**Your instructions:** The answer is to be the lines below that lie between the line holding "พระผงกลมใหญ่ พ่อท่านคลิ้ง วัดถลุงทอง" and the line holding "blomsterforretning, beliggende ved", inclusive, transcribed exactly and free of pictures.

**Given records:**
————————
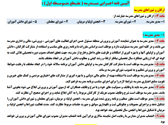سوالات و جزوات مدیریت و کلاس داری آیین نامه ها و ارکان انتصاب مدیران مدارس
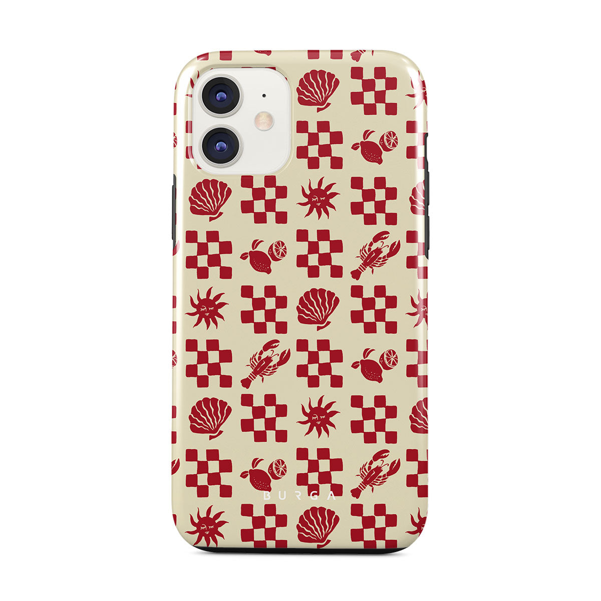 Este design contém:Padrões quadriculados vermelhos, conchas, lagosta, motivos italianos.
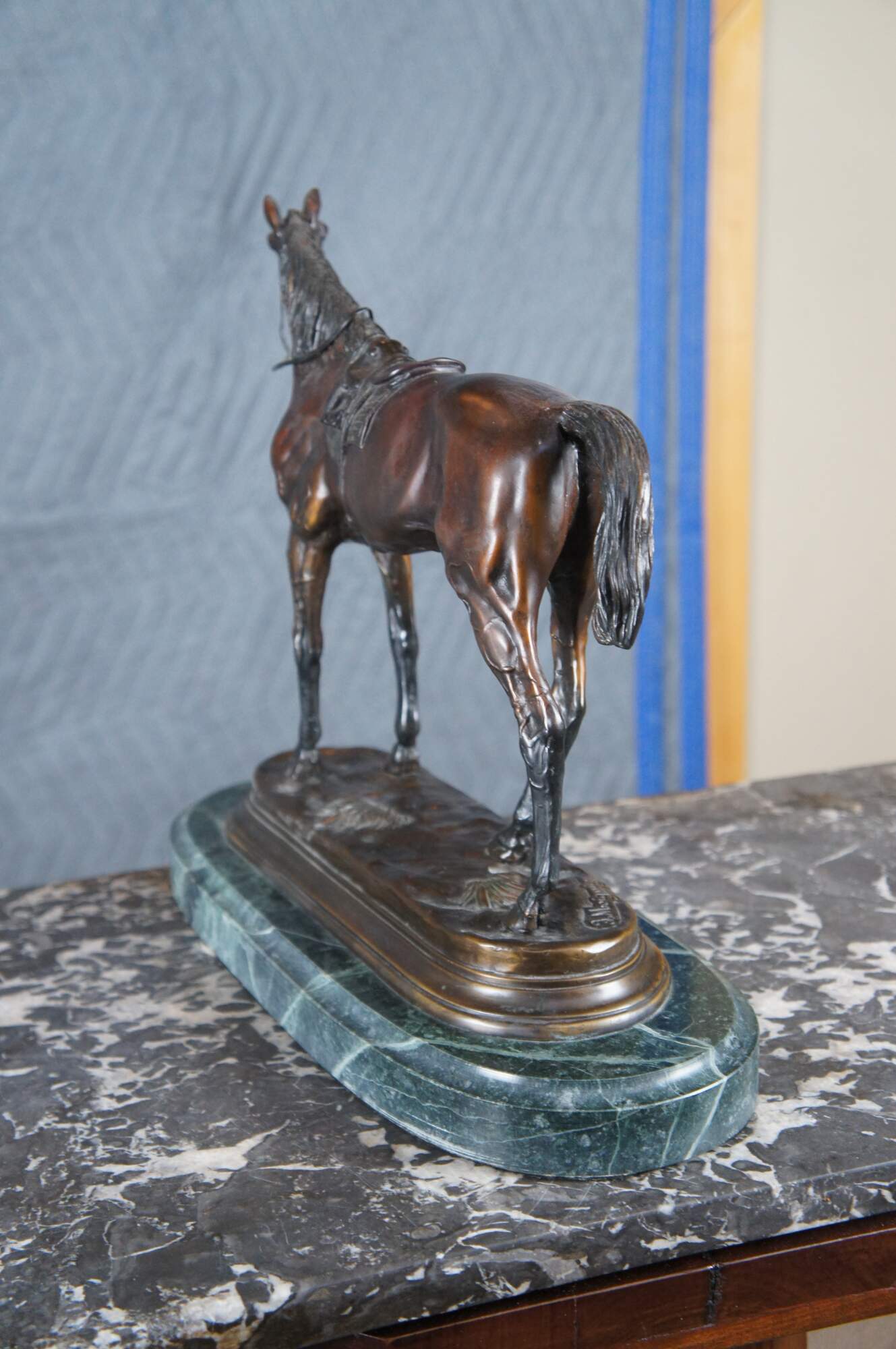 20th Century bronze depicting a saddled race horse. After Jules Moigniez (French, 1835-1894). Signed along the top by the hind legs. The bronze is mounted to a oval green plinth base. Originally used as a trophy for the 1999 Member Guest Invitational at Due Process Stables. The plaque is removable.
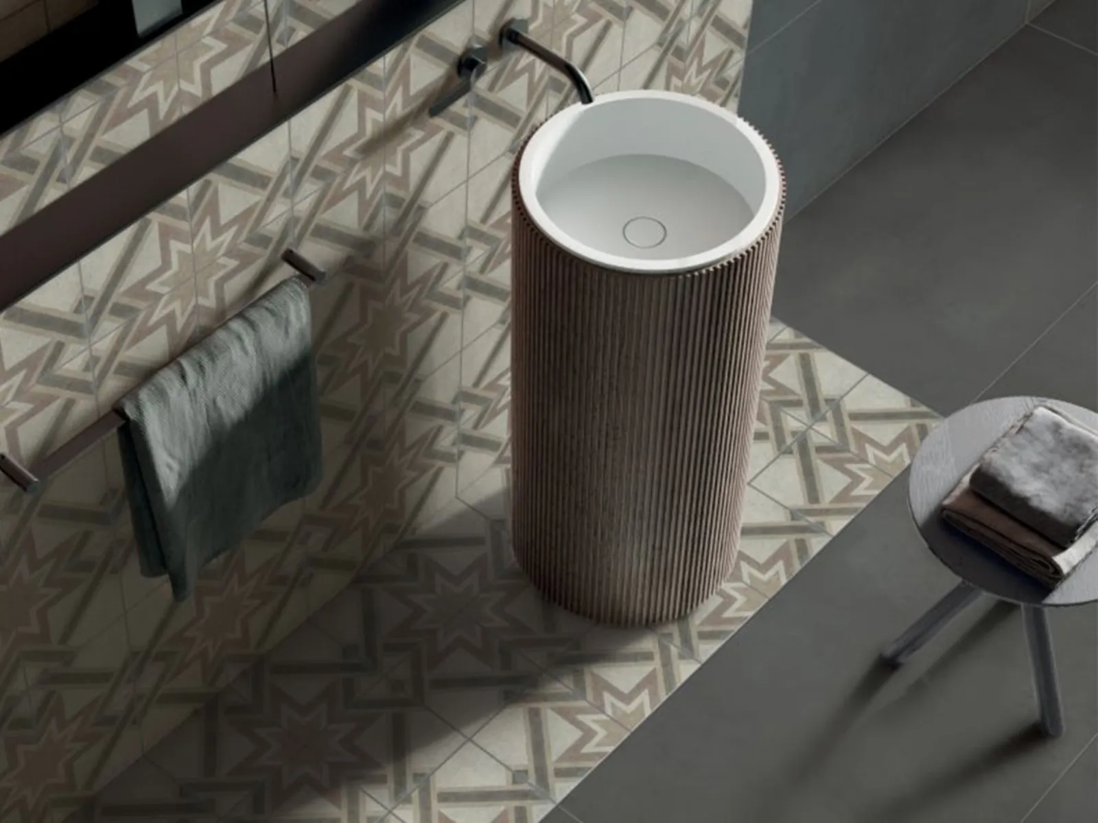 - forme: grandi lastre sì ma anche formati mini d’antan: quadrati, rettangolari ed esagonali, bellissimi se impiegati a 360 gradi in un bagno di piccole dimensioni, altrettanto scenografici se utilizzati come tappeti decorativi in un ambiente più ampio e arioso. Tra i grandi revival c’è anche l’effetto tridimensionale della piastrella esagonale proposto da Tonalite con la collezione Examatt. Creativo ed eccentrico è l’effetto di profondità creato dall’alternanza forte e decisa del bianco e del nero e del prisma che genera profondità e stile unico (in foto la piastrella Examatt Tredi Grigio). L’abbinamento a parete necessita di sobrietà e il contrasto tra geometrie rigide e serrate e ceramiche sinuose e rotondeggianti è di sicuro effetto;
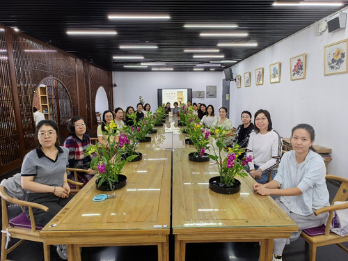 本次活动选址在充满书香与雅韵的博雅书院雅园。在专业老师指导下,教职工从挑选花材开始,仔细端详每一朵花、每一片叶,用心感受它们的形态、色彩与质感。随后,便是巧妙的构思与布局,老师们将原本随意摆放的花材,按照中式插花独特的程式与韵律进行组合。随后展开了热烈的现场交流,大家共同探讨借草木表达情绪,彼此分享对静美的体验与心悦感受。
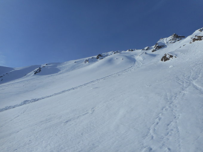 Mehrere Grundlawinen und Fischmäuler in allen Hangexpositionen gesehen. Als wir von der Abendmatte Richtung Ramsli abfuhren, haben wir eine grosse Nassschneelawine vom Wiriehore gesehen. ( siehe Fotos )
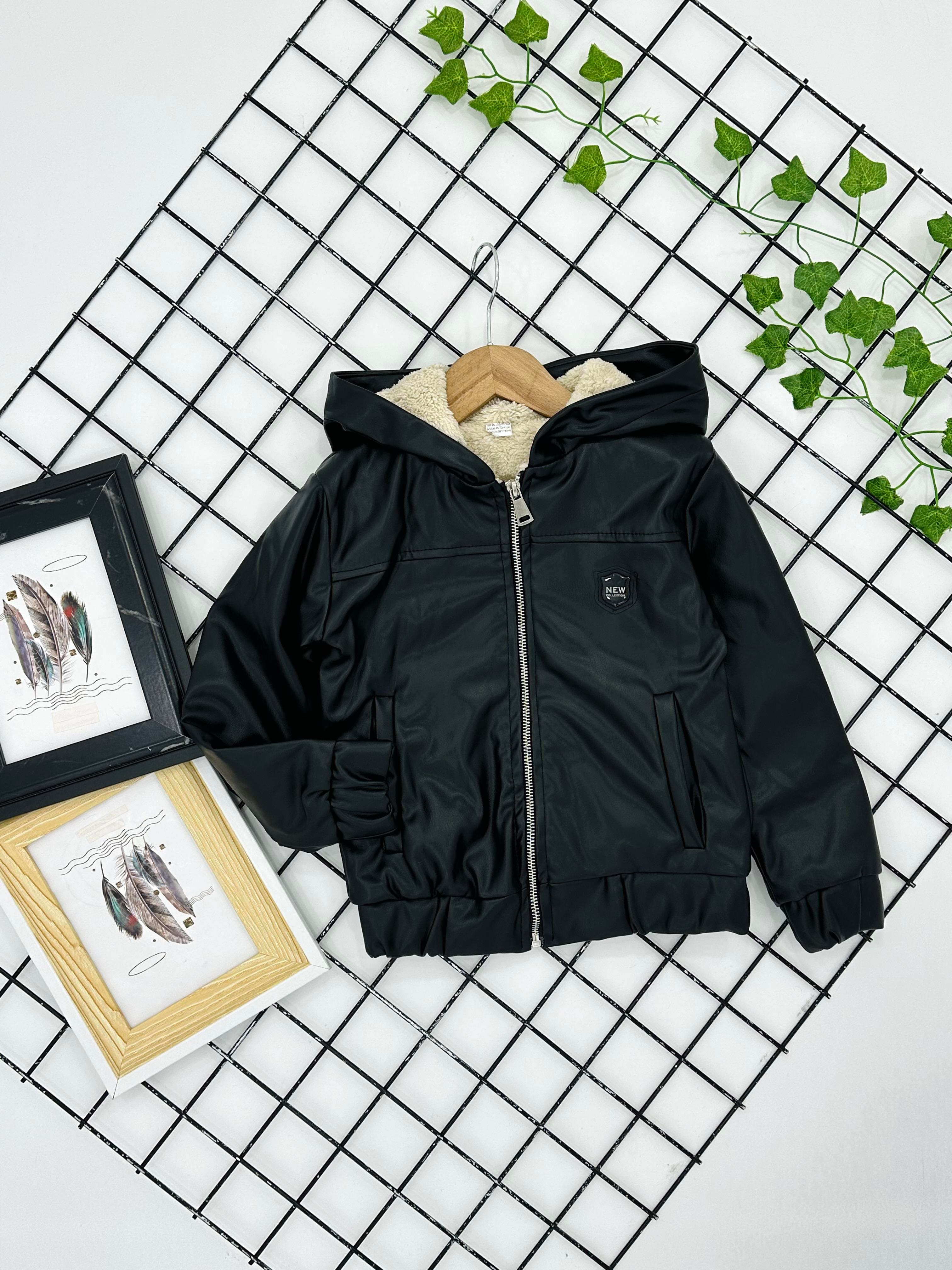 230-1 Erkek Çocuk İçi Polarlı Kapşonlu Deri Mont-SİYAH
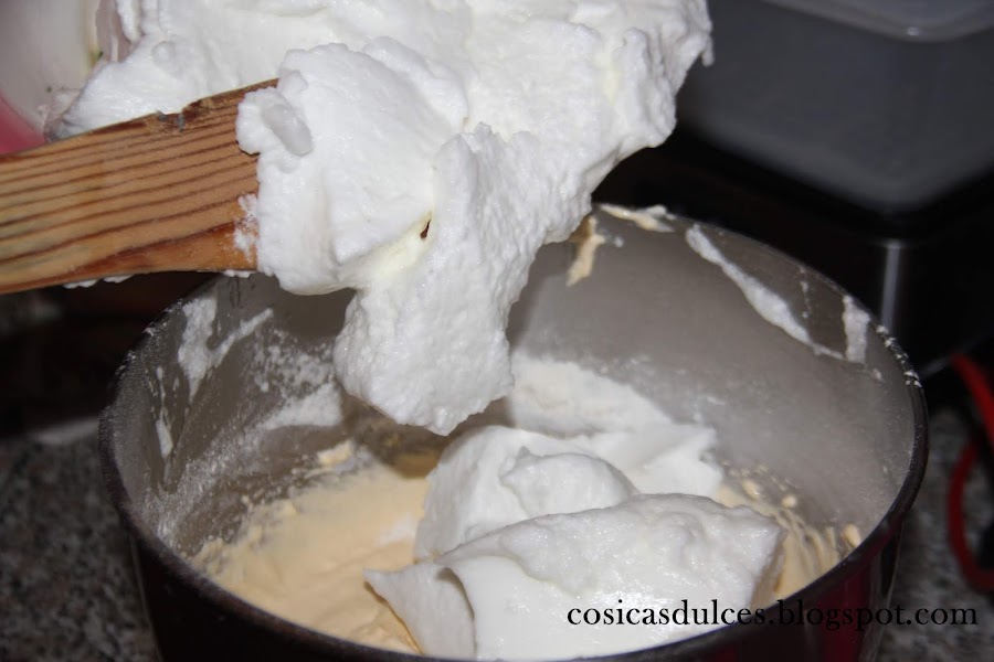 Finalmente incorporamos las claras que previamente habremos montado a punto de nieve.
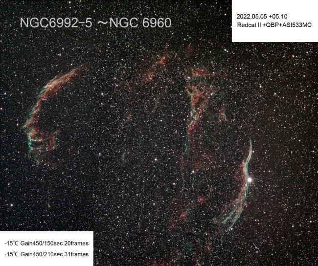 2022年5月 NGC6992〜6960 : 網状星雲全景 (はくちょう座) ※2コマ合成 |
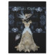 Fractal render manipulation and digital painting work. Silhouette of a victorian woman in a lace dress and hat with blue feather and bow accents with a matching parasol. Background is black with lacy blue accents. Just change the text or click on the "Customize it!" button for more design options. Artwork by Karlajkitty
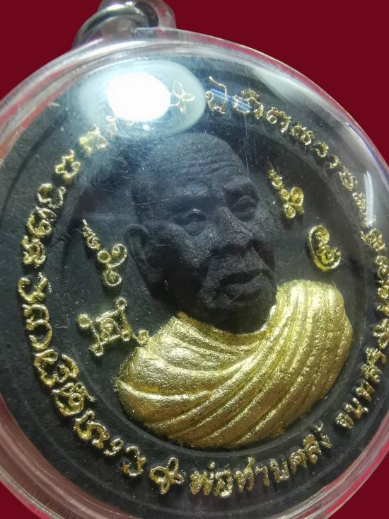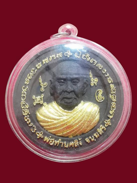 พระผงกลมใหญ่ พ่อท่านคลิ้ง วัดถลุงทอง เนื้อใบลานปัดทอง จ.นครศรีธรรมราชขนาด 7.5 ซม. เลี่ยมพร้อมใช้
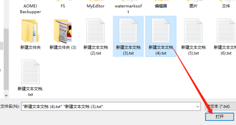 5.点击添加文件按钮之后在出现的选择文件界面中,我们选中要插入的TXT文件之后点击右下角的打开按钮。
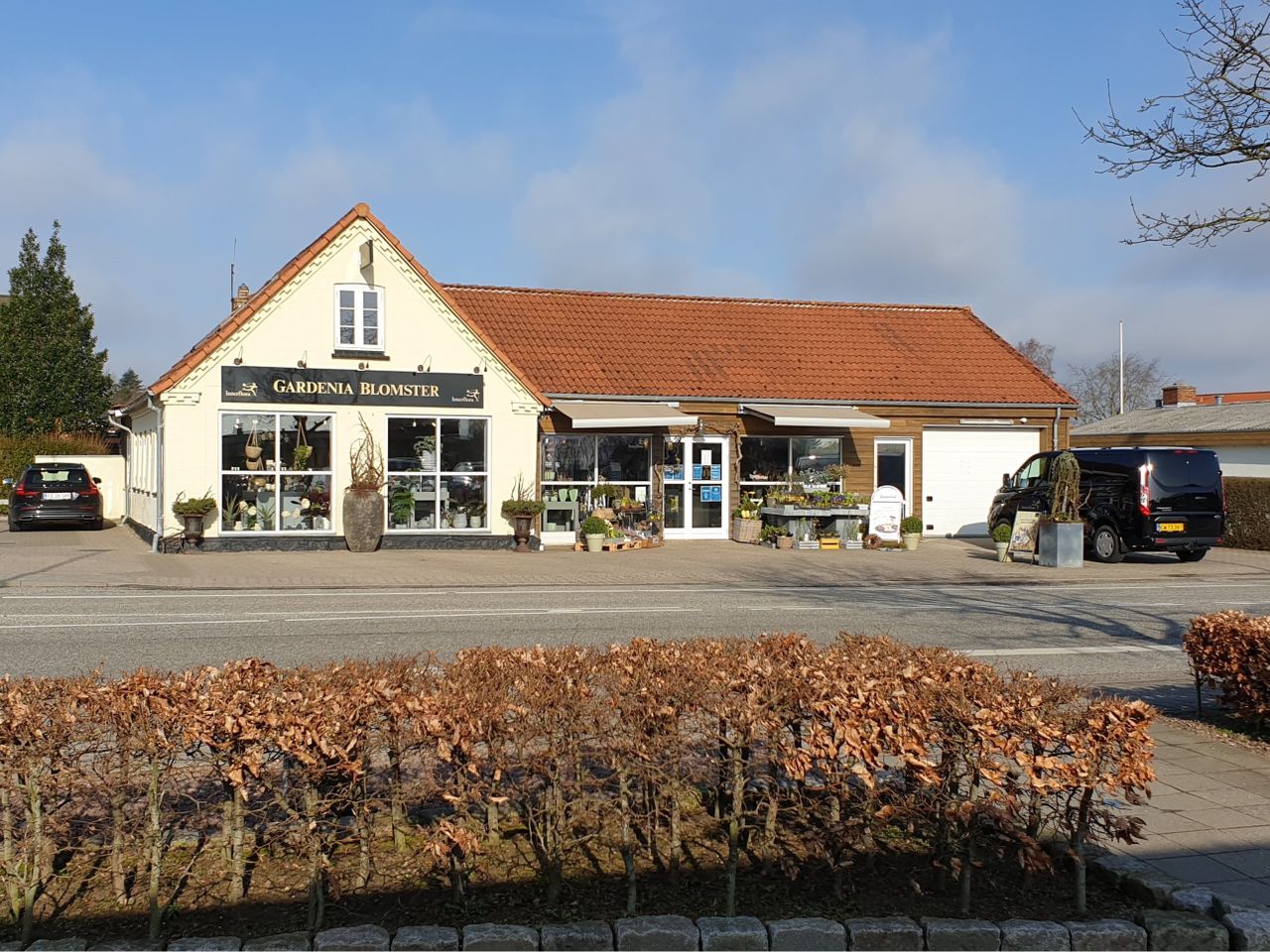 blomsterforretning, beliggende ved Erritsø butikstorv lige ved rundkørslen.
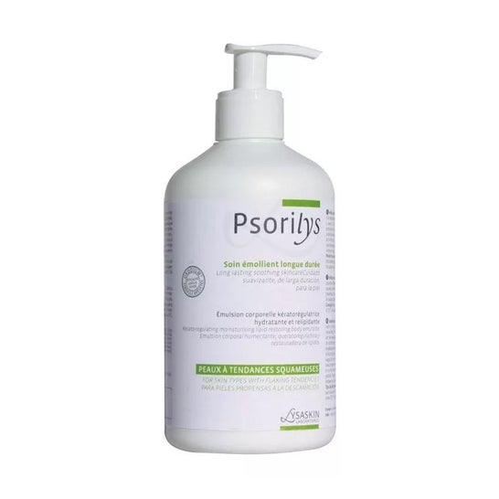 Psorilys Emulsão Emoliente Corporal 500ml é um produto humectante, queratoregulador e restaurador de lípidos que ajuda a manter a pele hidratada, suave e elástica. A sua fórmula contém Urodium, um ingrediente ativo patenteado que potencia a ação humectante da ureia e substâncias reparadoras de lípidos para proteger a barreira cutânea. Recomendado especialmente para peles secas, escamosas e com psoríase, esta emulsão óleo em água proporciona uma hidratação duradoura e protege a pele de agressões externas. De fácil aplicação, absorve-se rapidamente e tem um leve perfume.
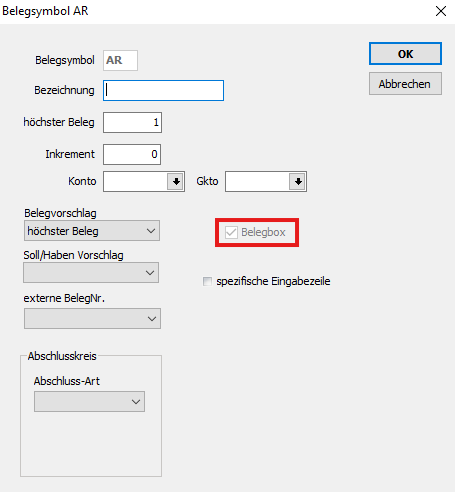Wurde die Belegbox einmal hinterlegt, bleibt sie hinterlegt, der Belegkreis kann dann auch nicht mehr entfernt werden.
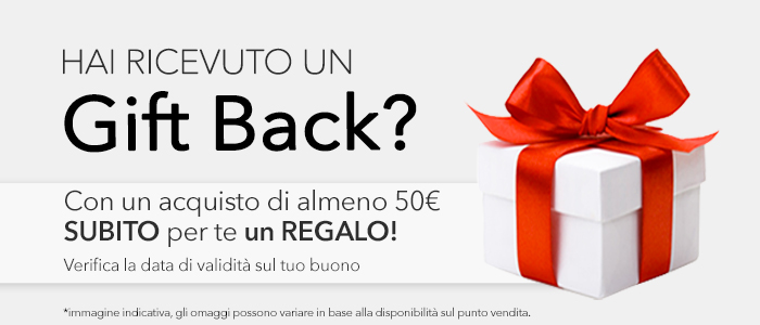 • Gift Back dà diritto a ricevere un prodotto omaggio a fronte di un acquisto di almeno € 50,00
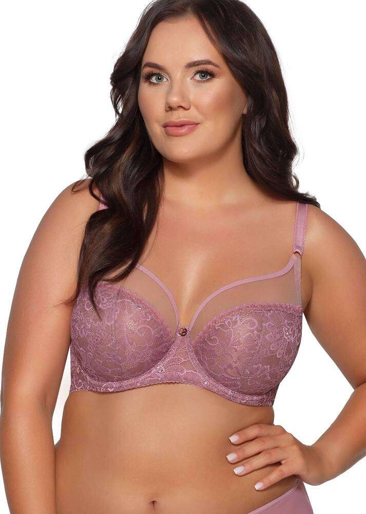 Biustonosz miękki z fiszbinami idealny dla Pań z większym biustem. Miseczki wykonane z koronki i tiulowej siateczki.
————————
**Answer box:**
 พระผงกลมใหญ่ พ่อท่านคลิ้ง วัดถลุงทอง เนื้อใบลานปัดทอง จ.นครศรีธรรมราชขนาด 7.5 ซม. เลี่ยมพร้อมใช้
 5.点击添加文件按钮之后在出现的选择文件界面中,我们选中要插入的TXT文件之后点击右下角的打开按钮。
 blomsterforretning, beliggende ved Erritsø butikstorv lige ved rundkørslen.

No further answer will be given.